» ACTIVITY:
Go through the listing below and write out exactly the lines from the one that mentions "(0) | 2025.10.13 |" through the one that mentions "kist met 13", minus the pictures.

» DATA TO USE:
*** Block opens ***

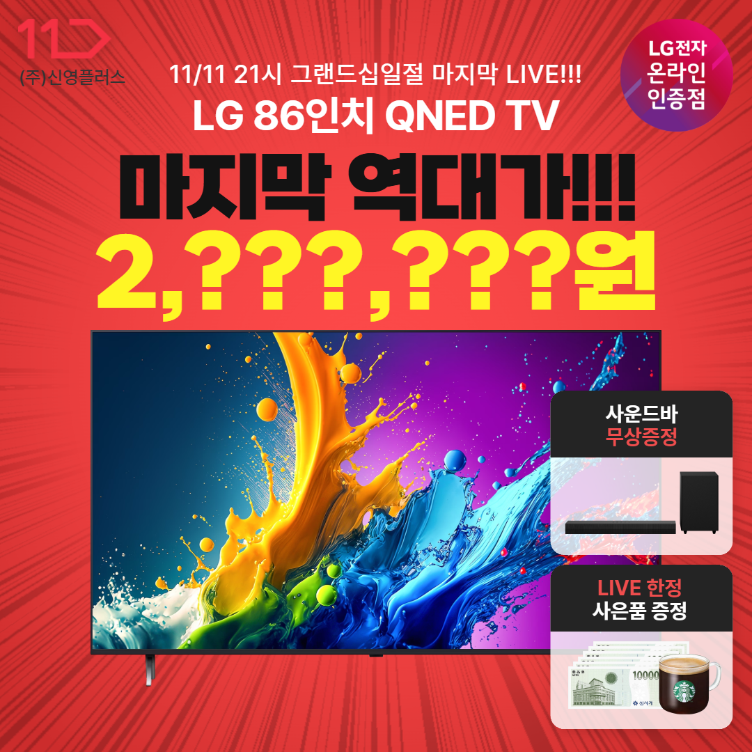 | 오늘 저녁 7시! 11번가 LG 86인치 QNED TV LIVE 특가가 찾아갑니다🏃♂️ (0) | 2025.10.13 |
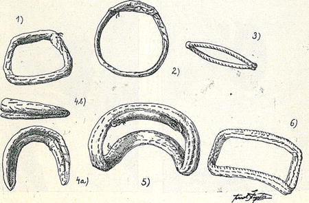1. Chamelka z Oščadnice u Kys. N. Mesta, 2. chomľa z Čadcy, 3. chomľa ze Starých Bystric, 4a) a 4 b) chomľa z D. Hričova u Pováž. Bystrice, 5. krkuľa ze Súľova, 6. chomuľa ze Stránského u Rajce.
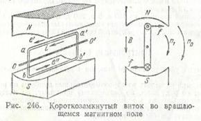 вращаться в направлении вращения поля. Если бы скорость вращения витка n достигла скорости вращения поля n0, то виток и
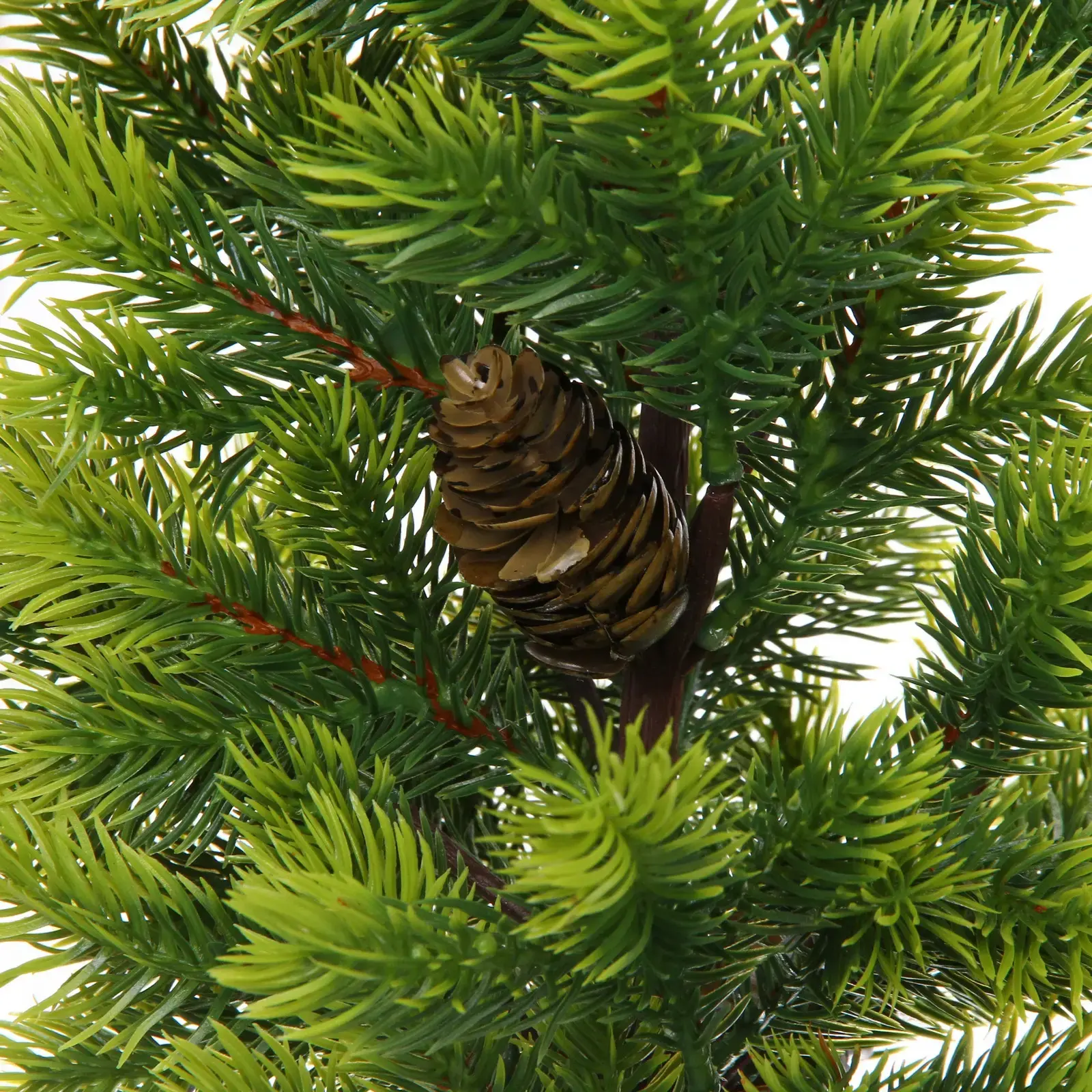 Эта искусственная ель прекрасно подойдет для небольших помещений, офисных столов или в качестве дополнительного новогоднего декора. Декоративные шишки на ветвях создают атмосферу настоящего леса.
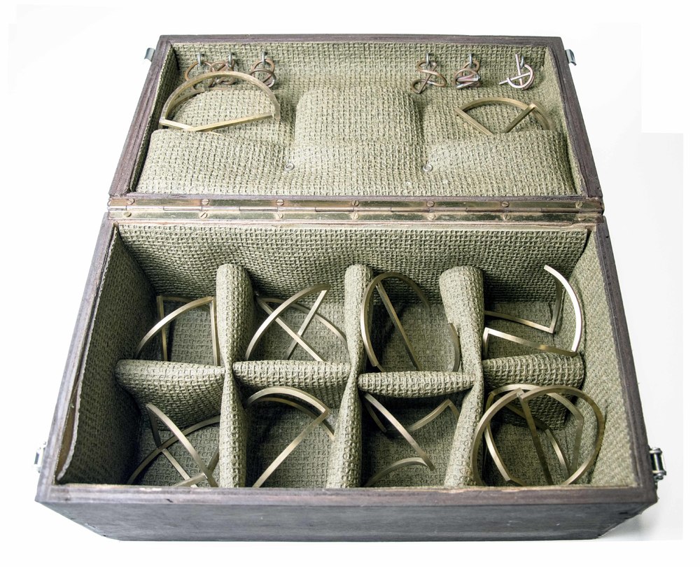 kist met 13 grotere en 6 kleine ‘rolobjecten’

*** Block closes ***
*** Block opens ***

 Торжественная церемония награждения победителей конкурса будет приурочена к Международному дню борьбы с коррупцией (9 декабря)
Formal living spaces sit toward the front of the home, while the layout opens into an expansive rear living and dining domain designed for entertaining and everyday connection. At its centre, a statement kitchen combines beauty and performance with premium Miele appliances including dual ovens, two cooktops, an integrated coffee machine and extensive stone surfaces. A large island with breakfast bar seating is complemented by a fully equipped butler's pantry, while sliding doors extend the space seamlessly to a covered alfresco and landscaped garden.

*** Block closes ***

» EXERCISE SOLUTION:
 | 오늘 저녁 7시! 11번가 LG 86인치 QNED TV LIVE 특가가 찾아갑니다🏃♂️ (0) | 2025.10.13 |
1. Chamelka z Oščadnice u Kys. N. Mesta, 2. chomľa z Čadcy, 3. chomľa ze Starých Bystric, 4a) a 4 b) chomľa z D. Hričova u Pováž. Bystrice, 5. krkuľa ze Súľova, 6. chomuľa ze Stránského u Rajce.
 вращаться в направлении вращения поля. Если бы скорость вращения витка n достигла скорости вращения поля n0, то виток и
 Эта искусственная ель прекрасно подойдет для небольших помещений, офисных столов или в качестве дополнительного новогоднего декора. Декоративные шишки на ветвях создают атмосферу настоящего леса.
 kist met 13 grotere en 6 kleine ‘rolobjecten’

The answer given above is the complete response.